From the news perspective, the hiring momentum is indeed weakening, and there are signs of economic cooling. But think about it—this basically blocks the Federal Reserve from continuing to raise interest rates significantly in 2026. Liquidity pressures will gradually ease. For the crypto market, this actually creates a subtle favorable environment.
Looking at the real on-chain traces, BTC holdings on exchanges are still decreasing, indicating some are withdrawing and hoarding. Smart money addresses have been continuously accumulating this week—what does this usually mean? The market cap of stablecoins is also starting to stabilize and rebound, showing funds are positioning themselves. Short-term sentiment indicators are indeed leaning towards fear, but the number of large transfers is quietly increasing—obviously, smart investors are taking advantage of volatility to buy the dip in batches.
My view remains unchanged.

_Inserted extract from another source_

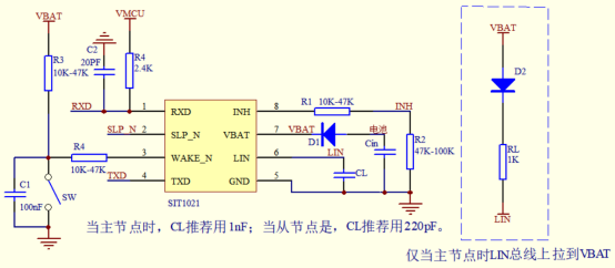 SIT1021在待機(jī)模式、正常模式和上電模式下,INH腳輸出都是高電平(電壓幅值與VBAT相同),只有在休眠模式下輸出才是浮空狀態(tài);如果需要INH腳控制外部電源管理模塊,則需將此腳通過電阻下拉到地看,如下圖,考慮到功耗,下拉電阻R2推薦使用100K(如果電源管理模塊使能腳內(nèi)部未接下拉電阻,則需要外接下拉電阻,如果內(nèi)部有接下拉電阻,則可根據(jù)實(shí)際應(yīng)用來決定是否外部加下拉電阻);可根據(jù)電源管理模塊使能腳耐壓,調(diào)節(jié)R1和R2的阻值,以調(diào)節(jié)輸出到電源管理模塊的使能腳電壓。如果不用此功能可以通過電阻上拉到VBAT,或者懸空。應(yīng)用時(shí)應(yīng)注意,芯片上電后,需將SLP_N腳置高使芯片進(jìn)入正常模式后,才能將其設(shè)置在休眠模式,如上電后直接將SLP_N腳置低,則無法進(jìn)入休眠模式;另外休眠模式與正常模式可以通過設(shè)置SLP_N腳來回轉(zhuǎn)換;如果在休眠模式下,通過本地喚醒或者遠(yuǎn)程喚醒后,SIT1021先進(jìn)入待機(jī)模式,同時(shí)RXD輸出喚醒標(biāo)志(置低),TXD輸出喚醒源標(biāo)志(置低(弱下拉代表遠(yuǎn)程喚醒,強(qiáng)下拉代表本地喚醒));當(dāng)MCU檢測(cè)到喚醒標(biāo)志后,通過喚醒源標(biāo)志檢測(cè)到喚醒源,控制SLP_N置高,進(jìn)入正常模式,接收數(shù)據(jù)。

The first quarter is a process of consolidation and bottoming out, and in the second quarter, improved liquidity will boost the strength of mainstream coins. Don’t be swayed by daily fluctuations—if prices drop, build positions gradually; if they rise, stay steady and don’t chase. The big moves often come quietly when most people start doubting.
Only those who can hold on will enjoy the biggest gains. The market never explicitly reveals the truth, but data and on-chain footprints will help guide you.